MATERIAL FOR THE TASK =
☆ ☆ ☆
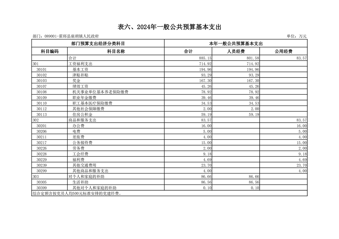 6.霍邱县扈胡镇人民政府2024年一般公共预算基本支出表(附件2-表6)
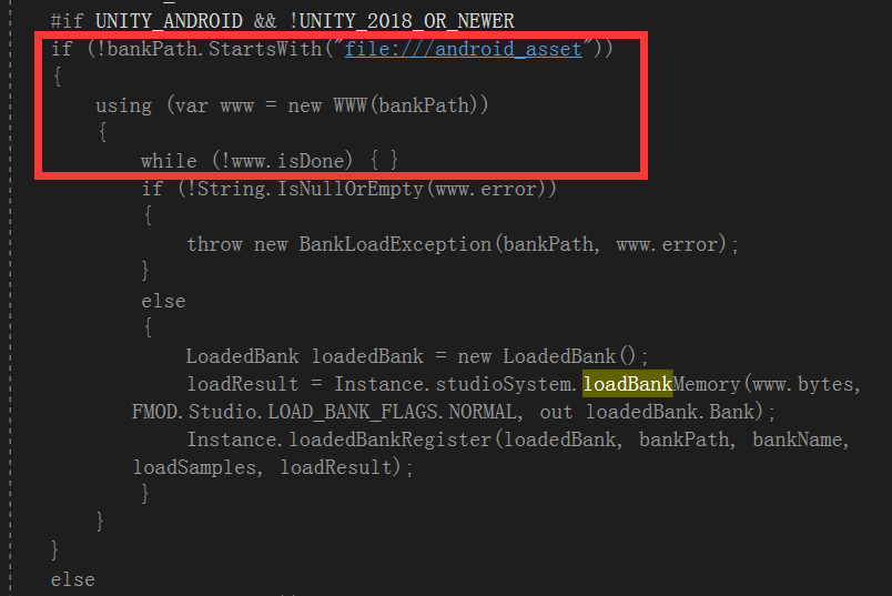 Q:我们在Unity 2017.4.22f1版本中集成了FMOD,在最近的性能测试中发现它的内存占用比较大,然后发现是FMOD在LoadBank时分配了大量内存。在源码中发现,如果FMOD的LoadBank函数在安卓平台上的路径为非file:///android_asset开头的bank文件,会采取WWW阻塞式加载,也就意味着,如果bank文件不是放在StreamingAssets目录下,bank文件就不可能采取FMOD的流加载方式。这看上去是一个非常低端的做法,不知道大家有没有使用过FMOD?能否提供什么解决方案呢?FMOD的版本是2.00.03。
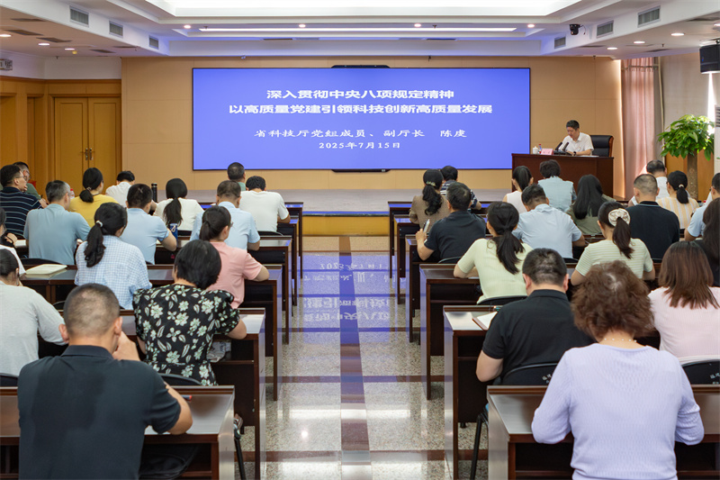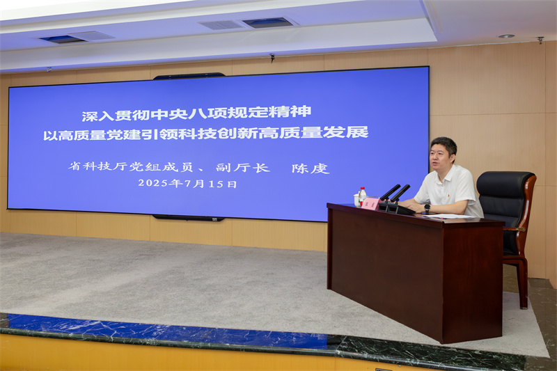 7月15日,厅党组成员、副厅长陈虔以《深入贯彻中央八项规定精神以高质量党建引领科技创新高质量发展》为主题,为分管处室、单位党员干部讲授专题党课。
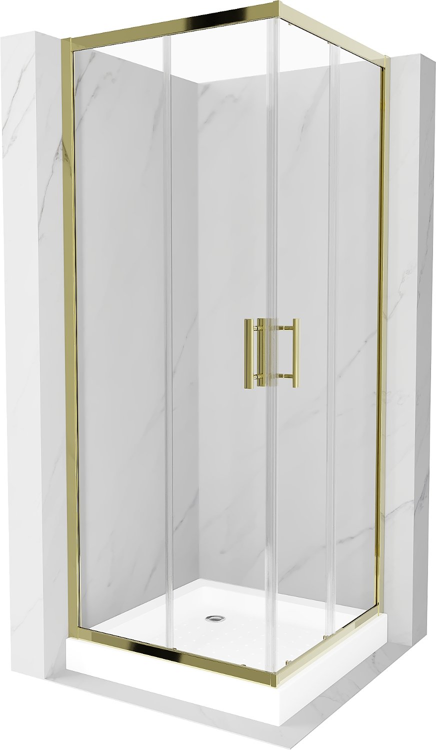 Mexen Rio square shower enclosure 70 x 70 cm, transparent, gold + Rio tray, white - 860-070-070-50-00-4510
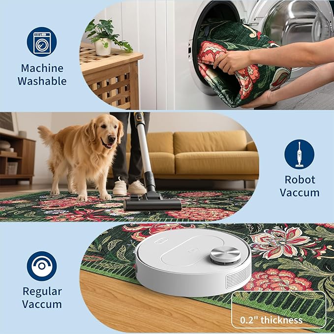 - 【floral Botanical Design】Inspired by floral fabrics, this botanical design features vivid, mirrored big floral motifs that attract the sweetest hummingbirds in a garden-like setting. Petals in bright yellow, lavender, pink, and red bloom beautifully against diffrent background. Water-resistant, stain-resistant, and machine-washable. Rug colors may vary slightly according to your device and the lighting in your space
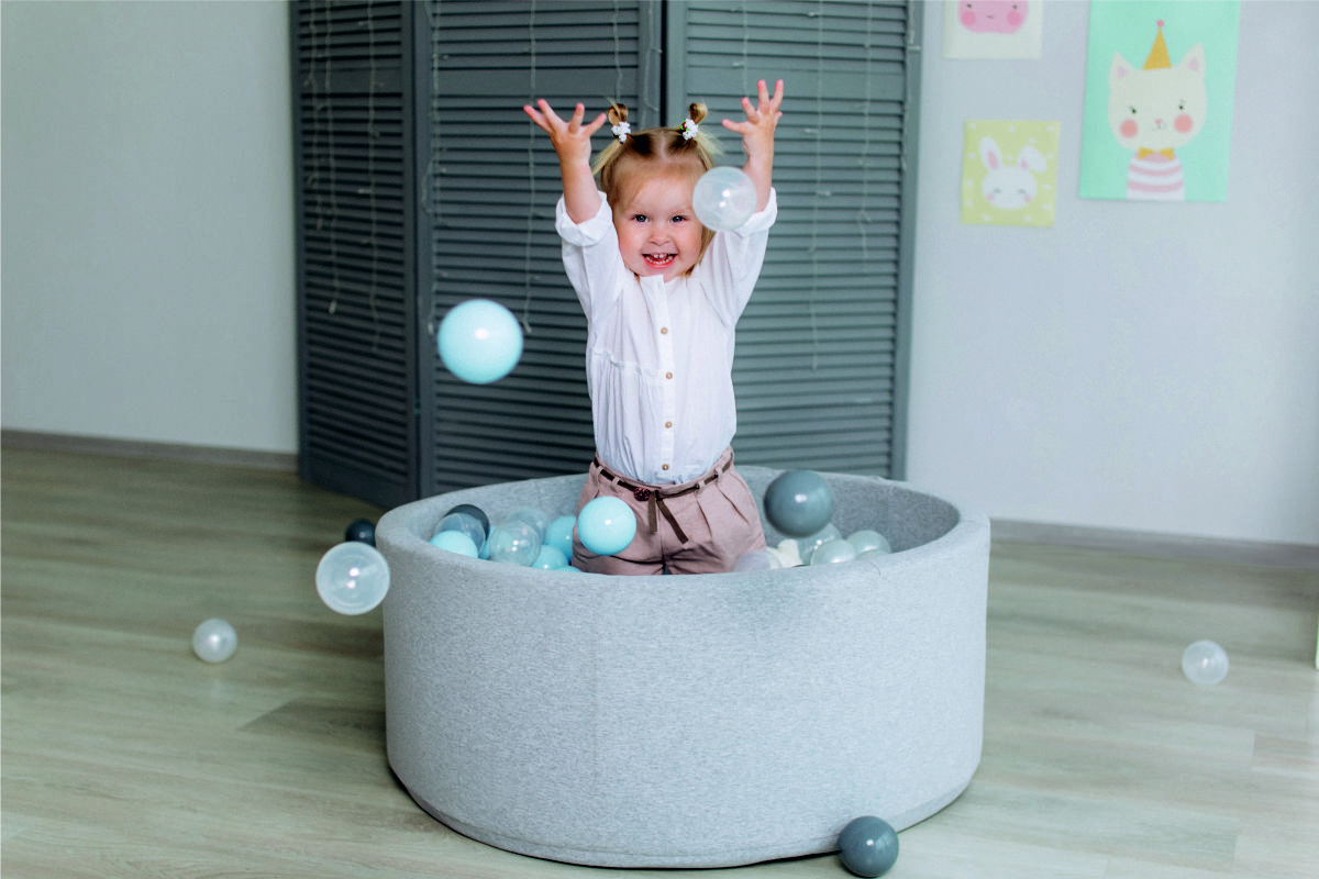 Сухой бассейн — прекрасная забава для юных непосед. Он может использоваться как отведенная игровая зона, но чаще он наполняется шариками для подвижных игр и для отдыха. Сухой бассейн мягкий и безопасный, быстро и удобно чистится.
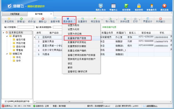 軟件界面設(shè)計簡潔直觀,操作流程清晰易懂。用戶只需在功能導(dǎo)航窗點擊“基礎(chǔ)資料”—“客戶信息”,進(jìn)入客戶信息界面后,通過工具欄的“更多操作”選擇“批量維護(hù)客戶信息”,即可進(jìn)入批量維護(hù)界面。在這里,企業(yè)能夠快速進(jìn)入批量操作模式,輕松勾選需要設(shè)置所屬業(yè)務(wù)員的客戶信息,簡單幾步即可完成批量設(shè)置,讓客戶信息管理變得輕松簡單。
☆ ☆ ☆
WHAT YOU ARE ASKED TO DO =
Reproduce only the lines of the records from the start up to and including the line that holds "Q:我们在Unity 201"; do not carry over any picture.

EXPECTED ANSWER =
 6.霍邱县扈胡镇人民政府2024年一般公共预算基本支出表(附件2-表6)
 Q:我们在Unity 2017.4.22f1版本中集成了FMOD,在最近的性能测试中发现它的内存占用比较大,然后发现是FMOD在LoadBank时分配了大量内存。在源码中发现,如果FMOD的LoadBank函数在安卓平台上的路径为非file:///android_asset开头的bank文件,会采取WWW阻塞式加载,也就意味着,如果bank文件不是放在StreamingAssets目录下,bank文件就不可能采取FMOD的流加载方式。这看上去是一个非常低端的做法,不知道大家有没有使用过FMOD?能否提供什么解决方案呢?FMOD的版本是2.00.03。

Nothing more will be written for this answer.